# Book suggestions to further my self-education



## Deleted member 3948 (Dec 21, 2019)

I am on my own personal journey of self-education and i was wondering if anyone had any good book suggestions. I am into most non-fiction genres, particulary history, philosophy and politics.


----------



## Deleted member 24782 (Dec 21, 2019)

I just read:

Last of the Hippies - Penny Rimbaud
Carsick - John Waters
With No Direction Home, Homeless Youth on the Road and in the Streets - Marni Finkelstein

They were all quick reads and really good, but I have some specific interests within the non-fiction genre so they may bore you.

I'm currently in the process of reading about 15 other books, but time is the issue!!!!!

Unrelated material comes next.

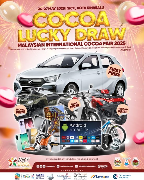 (亚庇16日讯)马来西亚国际可可博览会(MICF)即将于来临5月24日至27日,在亚庇首度举行,届时大会将送出国产轿车、摩托车等总值超过10万令吉的幸运抽奖大礼!

"The Trouble with Diversity" - Walter Benn Michaels I've been wanting to read for a while, and I have a copy. Books are so cheap these days, I get everything used on Ebay.


----------



## roughdraft (Dec 21, 2019)

The Alchemist by Paulo Coelho is a good philosophy joint


----------



## Lynora (Dec 28, 2019)

The best political/psychological book I've ever read is The Righteous Mind by Jonathan Haidt. Changed the way I look at the world.


----------



## benton (Dec 28, 2019)

Angela's Ashes by Frank McCourt (I did the audio version)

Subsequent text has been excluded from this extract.